There are six consistency models worth knowing by name. They form a partial order: stronger models imply all the guarantees of weaker ones, which is why this is a hierarchy rather than a list of alternatives.

Linearizable (strong consistency)

The system behaves as if there is a single copy of the data and every operation takes effect at some single point in time between when it was issued and when it returned. Once a write succeeds, every subsequent read, on any replica, sees that write or a later one. Reads and writes appear in real-time order.

This is the strongest practical consistency model and the most expensive. To deliver linearizability across replicas, the system must coordinate every write through a quorum, which costs at least one round-trip to a majority of nodes. In a database that spans regions, that round-trip can be 50 to 200 milliseconds. Linearizability also forbids tricks like serving reads from a local replica without checking, because the local replica might be stale.

Real systems that offer linearizability: Google Spanner (with TrueTime, which is the next lesson), etcd, Zookeeper, single-node Postgres trivially, DynamoDB when you ask for ConsistentRead=true.

Sequential consistency

All operations appear in some total order, the same on every observer, but the order does not have to match real time. If process A writes X at 10:00:01 and process B writes Y at 10:00:02, sequential consistency lets every observer see Y first as long as everybody sees Y first.
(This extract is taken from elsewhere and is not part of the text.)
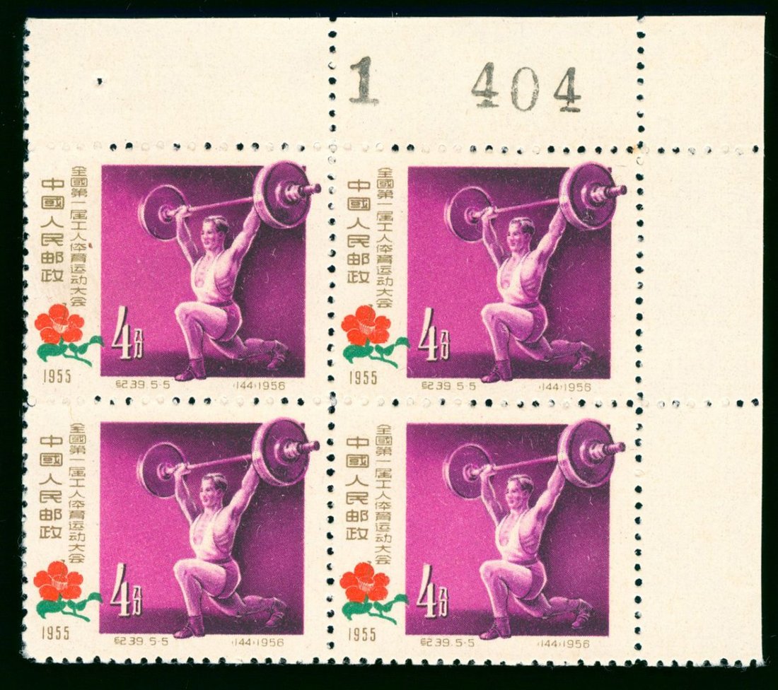 1957年紀39第一屆工人體育運動會新票四方連1套,均帶右上直角邊紙,邊紙均有流水號,票面顏色鮮豔,齒孔完整,整體品相佳

This is rare as a design target in modern databases. It shows up in older textbooks, in shared-memory hardware (the memory models of x86 and ARM are roughly sequential consistency for some operations, weaker for others), and as a stepping stone in proofs. Most “I want a strong system” requests really mean linearizable.

Causal consistency

If operation A causally influenced operation B, every observer sees A before B. Causally unrelated operations can be observed in any order. “Causally influenced” is defined by message passing: if A happened on a node, then B happened on a node that had observed A, then A is a cause of B.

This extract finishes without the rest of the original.